Friday, August 8, 2008

Finding spirituality through art


Before I can begin discussing artworks in this blog, I'd like to put some parameters around my own concept of art and its relationship to the spirit (the soul). Because the definition of "art" varies depending on with whom you're talking, where you're looking at it, and how it's being perceived. It's been debated, discussed, written about, lectured on, and defined by scholars, art critics, dealers, curators, auction house professionals, gallerists, collectors, professors, and artists themselves. So what is it? I don't think anyone has agreed upon one particular definition - but here is my interpretation - formulated during the time I wrote my master's thesis:

Art exists in the space between the artwork and the viewer.
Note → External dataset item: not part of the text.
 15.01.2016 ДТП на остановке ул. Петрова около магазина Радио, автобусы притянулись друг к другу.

It is a movement, a cause and effect, a relationship. It happens when an artwork (painting, sculpture, text, music, etc) causes movement in the viewer - makes them stop what they were doing, stand, look, observe, think, contemplate, consider, debate, become energized, sad, happy, enlightened, disheartened, humbled, encouraged, etc. At some point the soul (heart, mind, etc - however it's experienced by that individual) is moved - put into motion - and is restored to itself or energized from within. From that place of restoration and energy, the soul is then lifted upward to a new place of understanding of either itself or the object being considered. That is art - or rather - that is where art exists.
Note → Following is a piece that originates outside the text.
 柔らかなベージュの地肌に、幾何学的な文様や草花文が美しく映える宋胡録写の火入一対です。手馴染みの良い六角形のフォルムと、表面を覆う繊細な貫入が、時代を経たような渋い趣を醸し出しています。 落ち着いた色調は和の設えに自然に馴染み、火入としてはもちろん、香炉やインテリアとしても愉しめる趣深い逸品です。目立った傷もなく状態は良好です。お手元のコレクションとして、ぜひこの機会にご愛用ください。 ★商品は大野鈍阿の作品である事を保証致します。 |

So for me, for my first post about the meaning of "spirituality through art" and my observations thereof, I will share this image of Tintoretto's masterpiece, which I viewed for the first time in Venice in 1997. It literally stopped me in my tracks, forced me not only to look, but to "see" with my mind's eye the real, historic suffering of Jesus Christ - through not just the Protestant cerebral understanding of what Christ's death symbolizes - but what Jesus, the man, actually went through during his physical suffering and death, as Tintoretto so dramatically brought to our attention. In other words, it actually happened -- and this is what it most likely looked like -- a very real crucifixion in a larger context of onlookers, executioners, mourners, witnesses, and landscape, including heaven's response through the darkened skies above.
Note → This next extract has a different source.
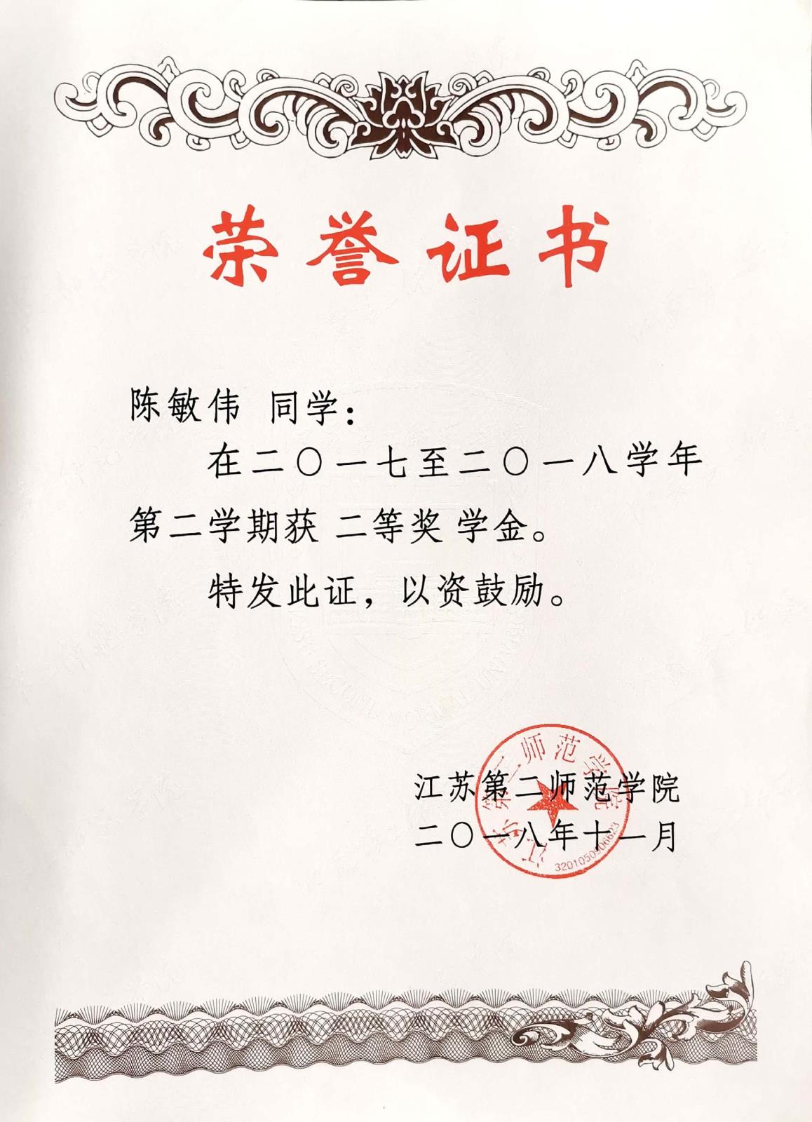 江苏第二师范学院二〇一七至二〇一八学年第二学期二等奖学金

And in this process of my own spiritual conversion while viewing this painting, I also experienced a deep and powerful understanding of both the power of an artwork (either religious in subject matter or not) and an individual's ability to receive this artwork and be moved by it. The experience changed my life forever; it led the way towards my confirmation in the Catholic church a year later, and opened the door to a new journey for me in which I began my graduate work and career exploring theology, art history, art theory/aesthetics, philosophy, and the trials and tribulations of the art market. It has been and continues to be quite an adventure.